Material shown:

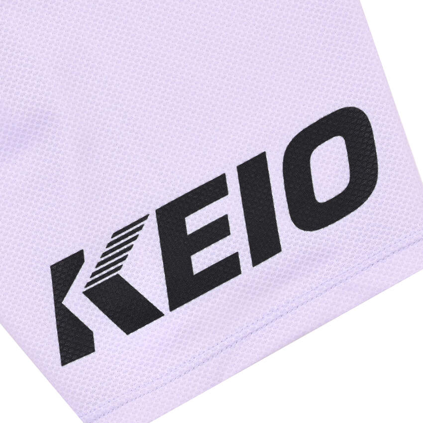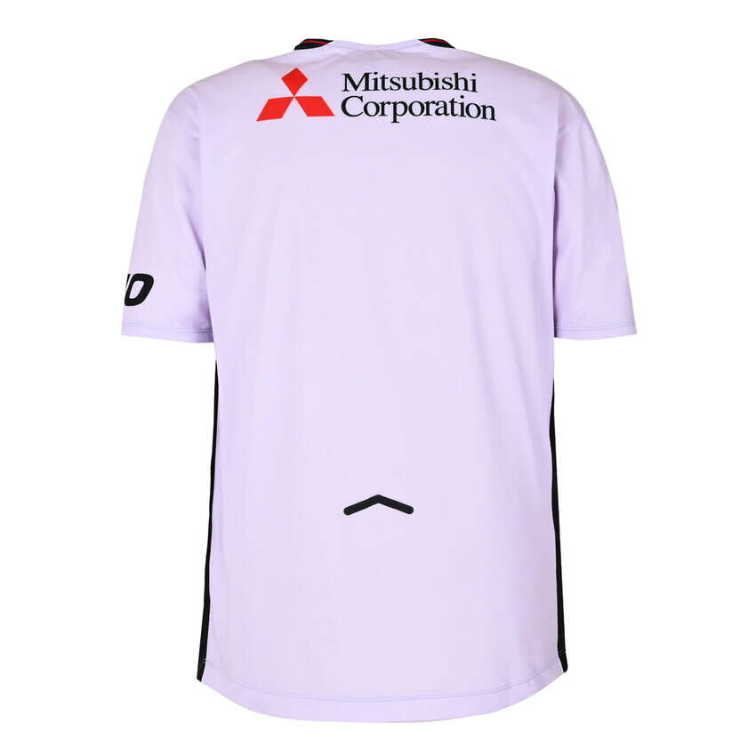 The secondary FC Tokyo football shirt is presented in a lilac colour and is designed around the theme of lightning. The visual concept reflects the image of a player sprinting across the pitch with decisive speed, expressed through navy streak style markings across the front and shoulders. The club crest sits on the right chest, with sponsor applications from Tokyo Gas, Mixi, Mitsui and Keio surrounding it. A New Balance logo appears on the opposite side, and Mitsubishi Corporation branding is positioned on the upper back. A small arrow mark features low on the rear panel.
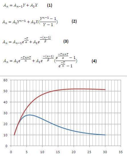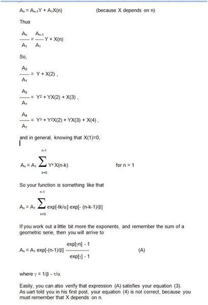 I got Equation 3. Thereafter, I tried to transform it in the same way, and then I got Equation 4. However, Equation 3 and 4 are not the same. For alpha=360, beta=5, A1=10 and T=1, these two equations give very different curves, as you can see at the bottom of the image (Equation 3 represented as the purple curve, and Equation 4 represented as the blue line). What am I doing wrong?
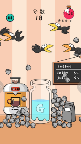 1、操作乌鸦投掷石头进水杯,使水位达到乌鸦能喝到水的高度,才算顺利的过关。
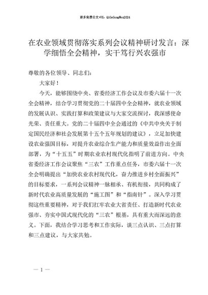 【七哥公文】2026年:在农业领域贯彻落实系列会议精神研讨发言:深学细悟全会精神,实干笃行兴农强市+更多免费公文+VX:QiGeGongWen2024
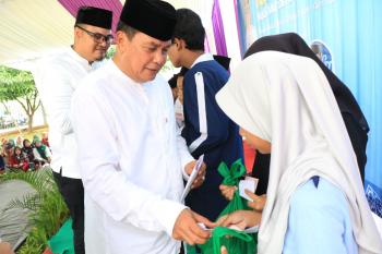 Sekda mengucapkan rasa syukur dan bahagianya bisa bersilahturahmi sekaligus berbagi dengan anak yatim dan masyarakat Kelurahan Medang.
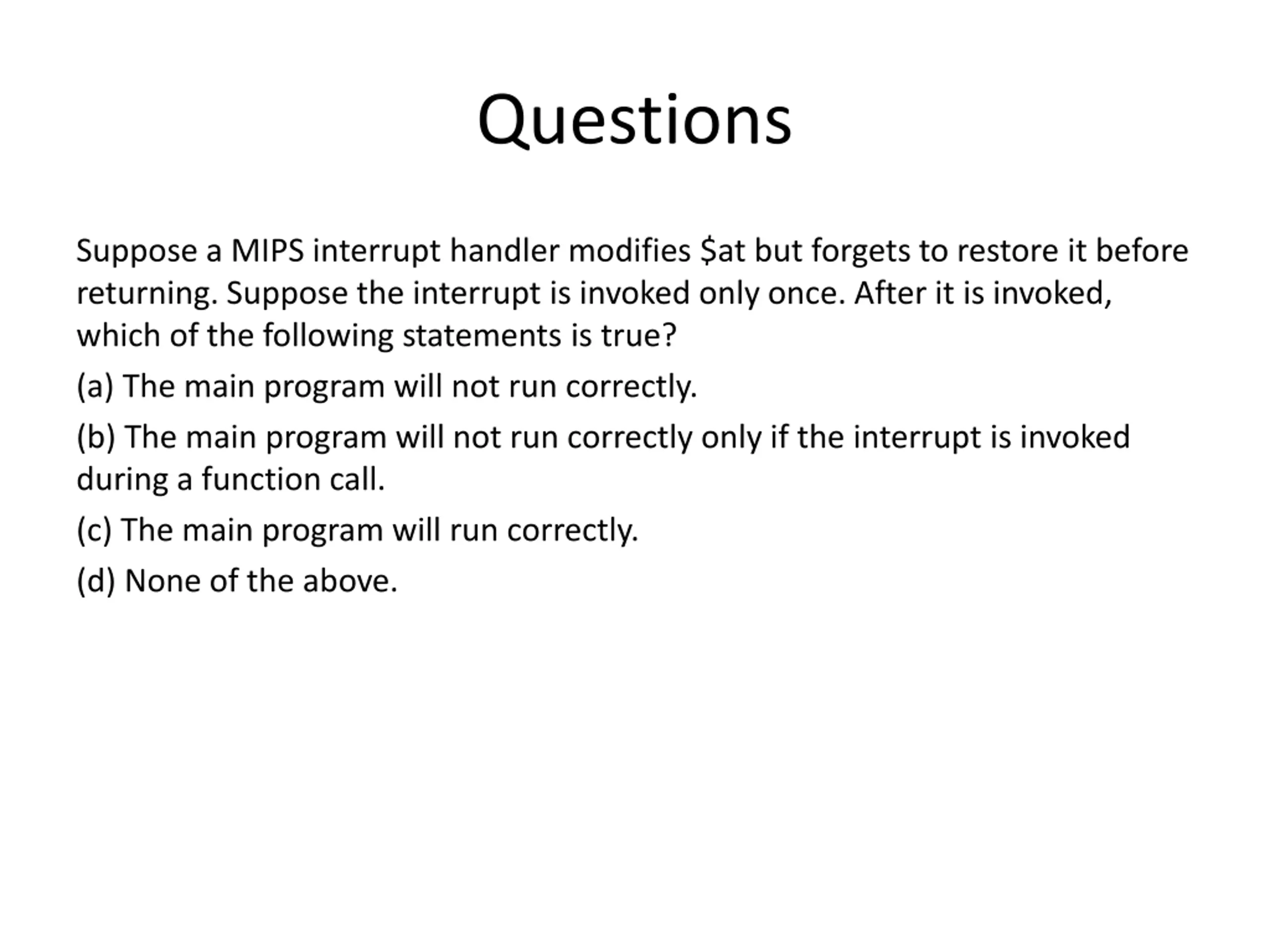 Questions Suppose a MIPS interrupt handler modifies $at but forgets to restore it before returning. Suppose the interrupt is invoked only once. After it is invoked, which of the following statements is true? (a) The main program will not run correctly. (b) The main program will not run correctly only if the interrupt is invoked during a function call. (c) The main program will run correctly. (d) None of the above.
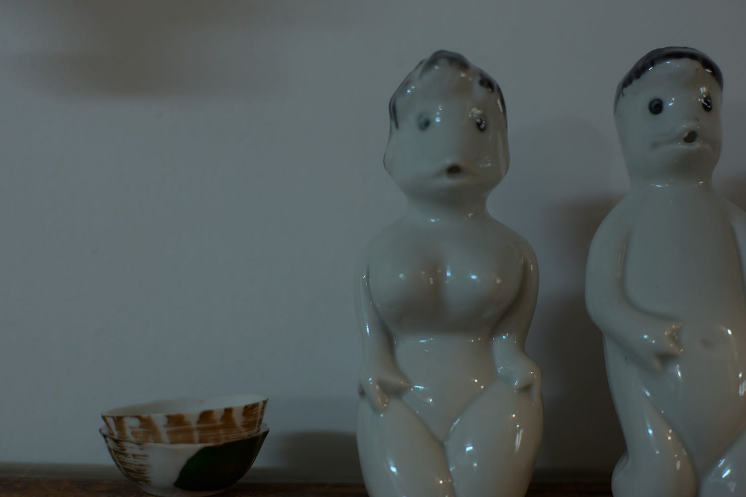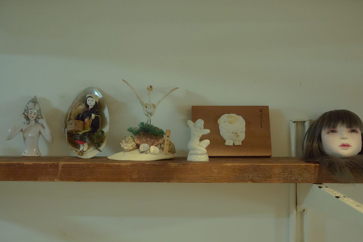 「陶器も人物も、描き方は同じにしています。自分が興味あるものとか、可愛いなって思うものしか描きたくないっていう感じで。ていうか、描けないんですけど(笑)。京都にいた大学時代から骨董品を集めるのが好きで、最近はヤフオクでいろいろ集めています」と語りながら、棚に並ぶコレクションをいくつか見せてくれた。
* * *
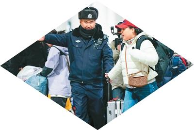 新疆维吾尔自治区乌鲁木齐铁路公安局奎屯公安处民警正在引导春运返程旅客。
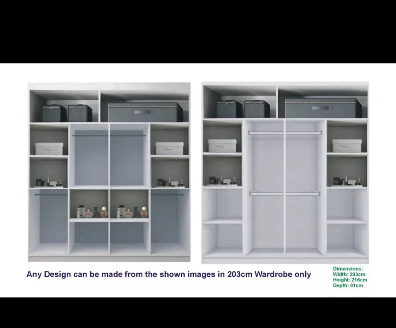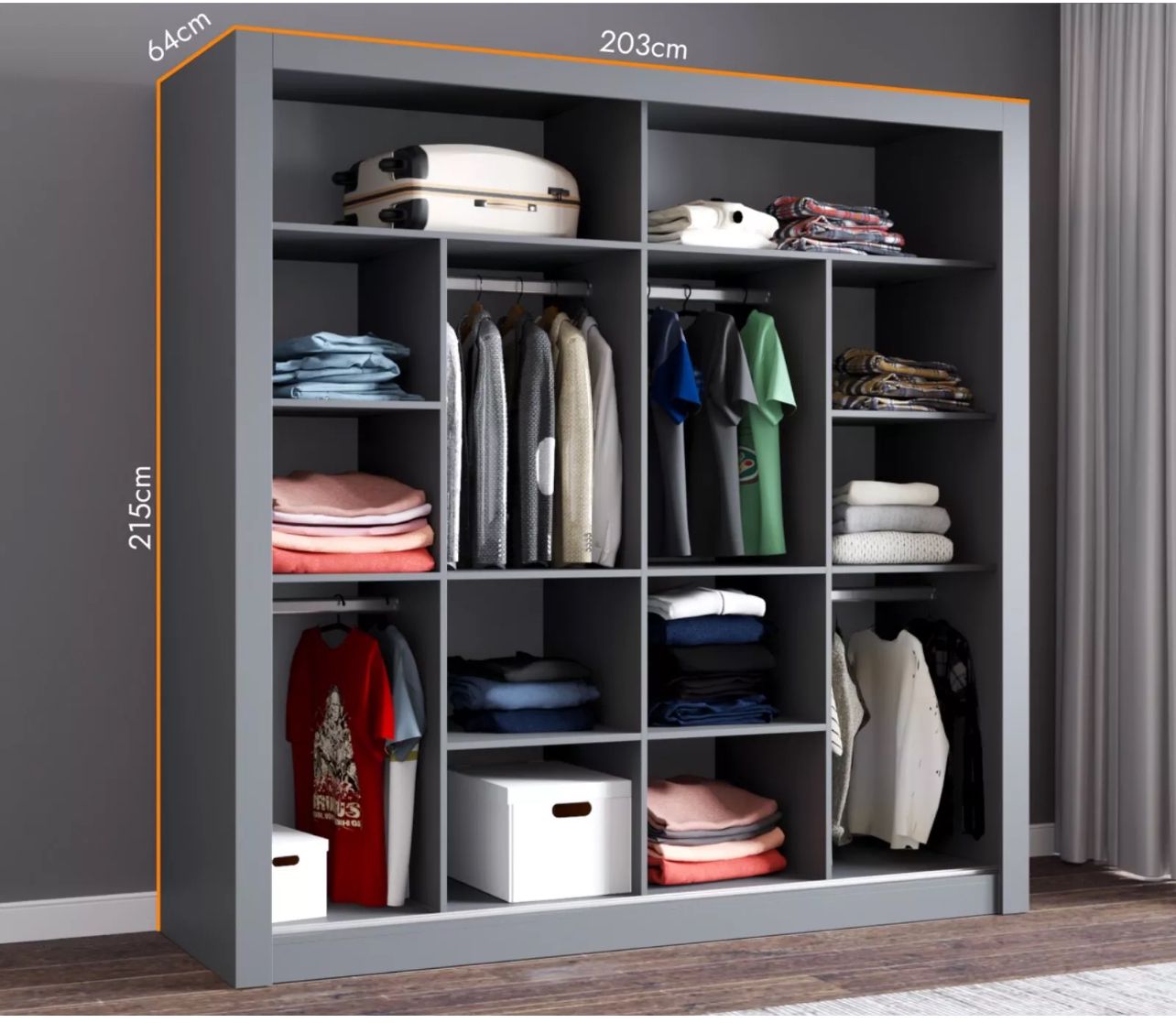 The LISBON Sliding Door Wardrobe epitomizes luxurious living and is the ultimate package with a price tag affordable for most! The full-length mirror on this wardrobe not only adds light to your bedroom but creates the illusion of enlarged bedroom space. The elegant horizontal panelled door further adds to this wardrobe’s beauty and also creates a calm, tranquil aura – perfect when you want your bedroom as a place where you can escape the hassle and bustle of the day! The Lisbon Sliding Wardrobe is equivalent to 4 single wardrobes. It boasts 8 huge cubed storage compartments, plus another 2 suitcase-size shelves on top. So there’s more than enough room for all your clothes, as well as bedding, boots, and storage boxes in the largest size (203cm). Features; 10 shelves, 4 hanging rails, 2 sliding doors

Task brief: Using the records above, repeat exactly the run of lines that starts with the line with "The secondary FC" and goes on through the line with "Sekda mengucapkan rasa"; omit each picture.

Reply to the exercise:
 The secondary FC Tokyo football shirt is presented in a lilac colour and is designed around the theme of lightning. The visual concept reflects the image of a player sprinting across the pitch with decisive speed, expressed through navy streak style markings across the front and shoulders. The club crest sits on the right chest, with sponsor applications from Tokyo Gas, Mixi, Mitsui and Keio surrounding it. A New Balance logo appears on the opposite side, and Mitsubishi Corporation branding is positioned on the upper back. A small arrow mark features low on the rear panel.
 I got Equation 3. Thereafter, I tried to transform it in the same way, and then I got Equation 4. However, Equation 3 and 4 are not the same. For alpha=360, beta=5, A1=10 and T=1, these two equations give very different curves, as you can see at the bottom of the image (Equation 3 represented as the purple curve, and Equation 4 represented as the blue line). What am I doing wrong?
 1、操作乌鸦投掷石头进水杯,使水位达到乌鸦能喝到水的高度,才算顺利的过关。
 【七哥公文】2026年:在农业领域贯彻落实系列会议精神研讨发言:深学细悟全会精神,实干笃行兴农强市+更多免费公文+VX:QiGeGongWen2024
 Sekda mengucapkan rasa syukur dan bahagianya bisa bersilahturahmi sekaligus berbagi dengan anak yatim dan masyarakat Kelurahan Medang.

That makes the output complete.